To add a new design canvas to a Workflow (and configure a portal between the new and existing canvas):
- Right-click on the Workflow Design folder for
Deploy_Workflowin the Project Explorer and select:
New → Other → Voice Tools Wizard -> Design Document. Hit "Next". This will open the new design document wizard. Give the new canvas a name and hit "Finish".
- Enter a name for the new design canvas in the input box (for example, “SecondCanvas”. Note: This name must be unique amongst the existing design canvases in the application.
- When you open up the new canvas, you'll see a Portal Exit block on the new canvas.
- Let's set up a Portal Entry and connect it to the second canvas. Drag and drop Portal Entry from the Voice Pallet onto the original canvas. Click on the new block and choose the Portal Exit to connect it to.
| [1] | The absence of tears is not guaranteed. |
The easiest way to get started with an OpenVXML project is to follow the instructions above and import Starter.war, a starter project. But if you really want to create your project from scratch using the Eclipse plugin, here are the instructions.

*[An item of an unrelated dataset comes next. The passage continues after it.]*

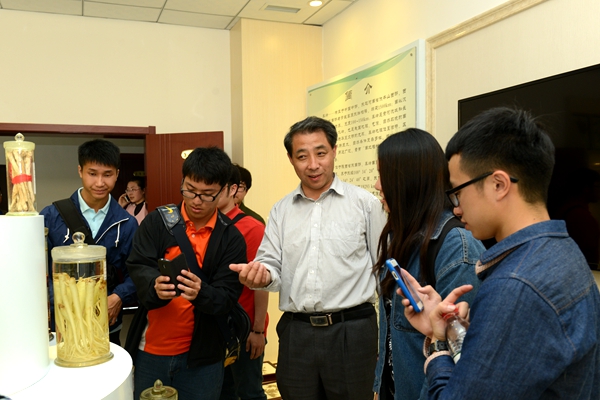 在生物医药与食品工程学院师生代表的陪同下,台湾师生饶有兴致地参观了秦岭植物标本陈列室,现场品尝了生物医药与食品工程学院自酿的山茱萸葡萄酒,称有家乡桑葚果汁的味道。他们对秦岭丰富的生物资源尤其是中药资源兴趣浓厚,纷纷拍照留念。
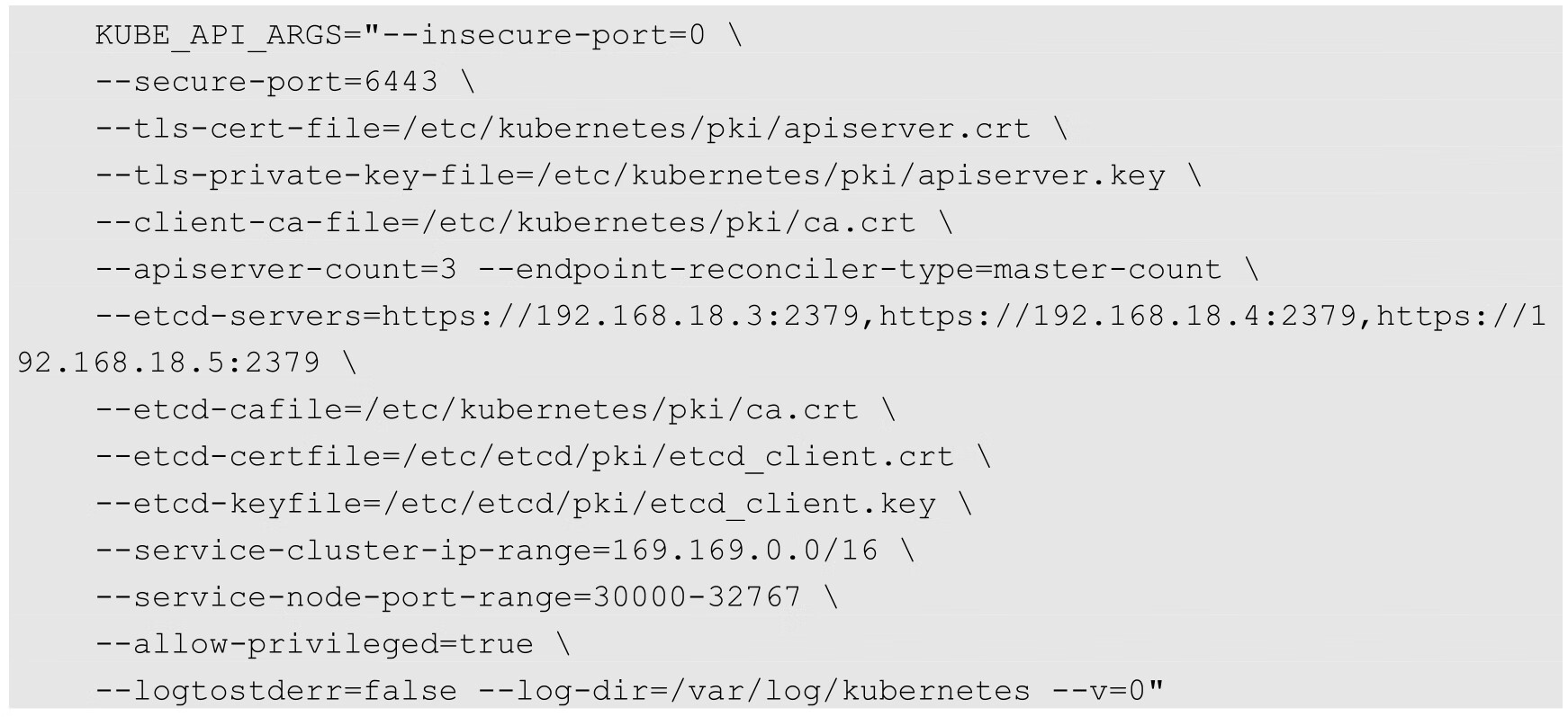 ◎ --etcd-servers:连接etcd的URL列表,这里使用HTTPS,例如https://192.168.18.3:2379、https://192.168.18.4:2379和https://192.168.18.5:2379。

First, let's create a new voice project: File → New → Project → Voice Tool Wizards → Voice
Call the voice project HelloWorld_Voice.
You should now see the voice project in your Project Explorer pane:
Now, create the interactive workflow: File → New → Project → Voice Tool Wizards → Interactive Workflow
The application name for this and all Halef workflows should be Deploy_Workflow. Hit Next.
In the Branding dialog box, leave Brands at Default. Hit Next.
On the Interaction Type Support dialog box, leave Voice Interaction checked. Hit Next.
On the Language Support dialog box, associate your workflow with your voice by clicking Not Configured and choosing HelloWorld_Voice:
You have now created your voice and your workflow, and you have associated the two. You should see both HelloWorld_Voice and Deploy_Workflow in the Project Explorer pane.